U.S. Citizenship and Immigration Services (USCIS), the agency in charge of administering immigration benefits, unveiled a proposed rule that would significantly increase petition fees for immigrants seeking U.S. citizenship, for young undocumented immigrants looking to renew protections from deportation and for victims of crimes who are seeking to stay in the country through their assistance to law enforcement. 

The proposal, which is slated to be published in the Federal Register Thursday, would make the U.S. one of only four nations that require asylum-seekers fleeing persecution to pay a fee for the government to process their applications. In its proposed rule, the administration noted that Iran, Fijii and Australia are the only countries known to charge for initial asylum applications. 

Fees for citizenship petitions would increase from $750 to $1,170, and the amount could be higher for some immigrants. The proposal would also impose a $50 application fee and a $490 work permit fee for asylum seekers.   

“It’s an unprecedented weaponization of government fees,” Doug Rand, an Obama White House official who co-founded a company to help immigrants navigate the U.S. immigration system, said in a statement.  

After being published in the Federal Register, the proposed rule will be subject to a 30-day review period in which the public can make comments on it. The next step in the regulatory process is for USCIS to publish a final rule it can enforce.   

Ken Cuccinelli, an immigration hawk who was tapped to lead USCIS on an acting basis in June, defended the proposal, noting that his agency is funded by fees, unlike most federal government agencies. 

“USCIS is required to examine incoming and outgoing expenditures, just like a business, and make adjustments based on that analysis,” Cuccinelli said in a statement. “This proposed adjustment in fees would ensure more applicants cover the true cost of their applications and minimizes subsidies from an already over-extended system.”

Under the proposal, recipients of the Obama-era Deferred Action for Childhood Arrivals (DACA) program would have to pay substantially more to renew their protections, with their petition fee increasing from $495 to $765. On Tuesday, the Supreme Court is set to hear oral arguments on the several legal challenges to the administration’s efforts to dismantle the program, which shields more than 700,000 undocumented immigrants who came to the U.S. as children from deportation.

A form typically filed for petitioners of so-called U visas, a congressionally-mandated protection available to victims of crimes who can prove they helped or are willing to help the U.S. government investigate criminal activity, would also increase from $585 to $1,415 for some.
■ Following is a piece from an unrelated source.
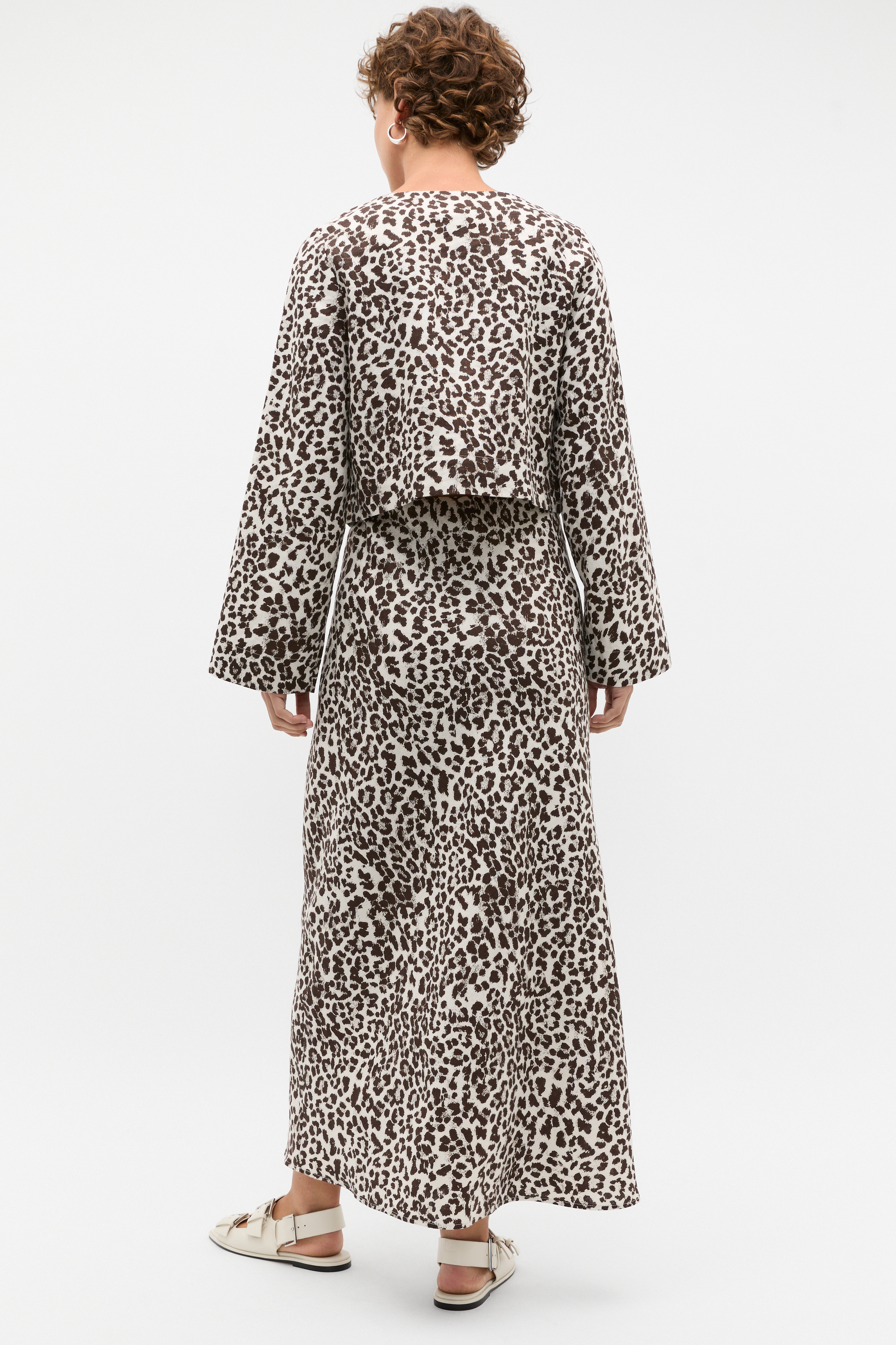 With a chic silhouette, this linen top heroes the print of the season. Crafted in premium linen, it features a square neckline, button front and wide long sleeves. Shop the coordinating animal print pieces for statement head-to-toe dressing.

The relief, if granted, allows recipients to eventually seek green cards and subsequent citizenship.

The proposal is just one of many recent unilateral changes the administration has sought to implement to overhaul the nation’s legal immigration system and restrict access to asylum protections. 

The courts have recently halted the administration from enforcing stringent health care and insurance requirements for prospective immigrants, as well as another USCIS proposal, known as the “public charge” rule, which the government could use to deny green cards and temporary visas to immigrants in the U.S. and abroad who use — or are likely to use — public benefits like food stamps or government-subsidized housing. 

Access to the asylum system has also been severely limited through the administration’s efforts to stem an unprecedented surge of migrant families at the U.S.-Mexico border that spiked in the spring but has dwindled in recent months.  

The U.S. has required more than 55,000 asylum seekers to wait in Mexico for the duration of their immigration court proceedings under the controversial Migrant Protection Protocols (MPP) program. Officials are also now implementing a sweeping rule that allows them to deny asylum to migrants who traveled through Mexico to reach the U.S, and hope to soon use controversial bilateral agreements to reroute asylum seekers to Central America’s Northern Triangle.